## Description of the task
Every line of the listing is returned unchanged, and every picture is dropped.

-- Recorded information follows --

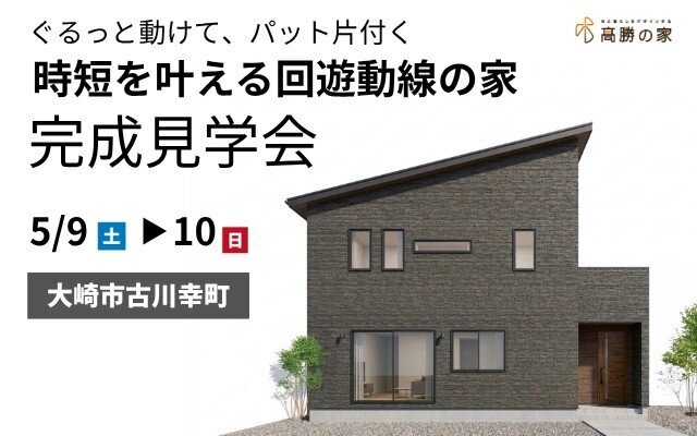 5/9(土)、10(日)開催【大崎市古川】「ぐるっと動けて、パッと片付く『時短を叶える回遊動線の家』」完成見学会 ※事前予約制
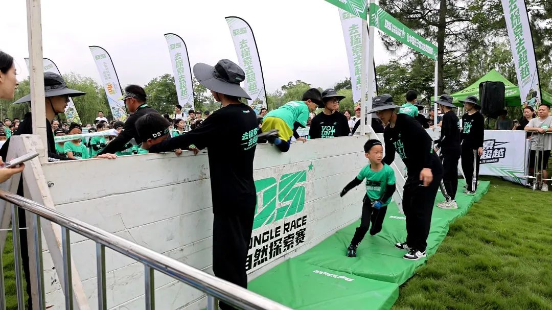 5月17日,2025 DS自然探索赛金华站在我县坛头湿地公园激情开赛。这场以“去探索去超越”为核心理念的青少年户外赛事,吸引了金华及周边地区3000多组家庭参与,参赛规模较去年有所提升。作为国家级湿地公园,坛头湿地凭借其绿色生态本底,连续三年成为该项赛事的举办地,实现了自然禀赋与户外运动的完美共振。上午9点,身着绿色参赛服的队员们在生态赛道上整齐集结。随着裁判一声清脆的哨响,队员们如离弦之箭般冲向首道关卡“探索之门”。他们在赛道上尽情奔跑,一头扎进模拟“东南亚雨林”赛段,穿越象征“科罗拉多”的崎岖路段,攀爬宛如“乞力马扎罗”的高难度障碍……当最后一道关卡“跨越尼亚加拉”映入眼帘,队员们奋起冲刺,在泥泞的赛道上留下了一串串成长的足迹。
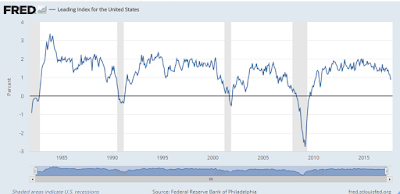 Finally, the Leading Index for the U.S. economy as posted on the Federal Reserve data website has decidedly turned down. Every time the fall has reached today’s level, the U.S. has gone into recession within a couple of years.

-- Recorded information concluded --

## Output for this task
 5/9(土)、10(日)開催【大崎市古川】「ぐるっと動けて、パッと片付く『時短を叶える回遊動線の家』」完成見学会 ※事前予約制
 5月17日,2025 DS自然探索赛金华站在我县坛头湿地公园激情开赛。这场以“去探索去超越”为核心理念的青少年户外赛事,吸引了金华及周边地区3000多组家庭参与,参赛规模较去年有所提升。作为国家级湿地公园,坛头湿地凭借其绿色生态本底,连续三年成为该项赛事的举办地,实现了自然禀赋与户外运动的完美共振。上午9点,身着绿色参赛服的队员们在生态赛道上整齐集结。随着裁判一声清脆的哨响,队员们如离弦之箭般冲向首道关卡“探索之门”。他们在赛道上尽情奔跑,一头扎进模拟“东南亚雨林”赛段,穿越象征“科罗拉多”的崎岖路段,攀爬宛如“乞力马扎罗”的高难度障碍……当最后一道关卡“跨越尼亚加拉”映入眼帘,队员们奋起冲刺,在泥泞的赛道上留下了一串串成长的足迹。
 Finally, the Leading Index for the U.S. economy as posted on the Federal Reserve data website has decidedly turned down. Every time the fall has reached today’s level, the U.S. has gone into recession within a couple of years.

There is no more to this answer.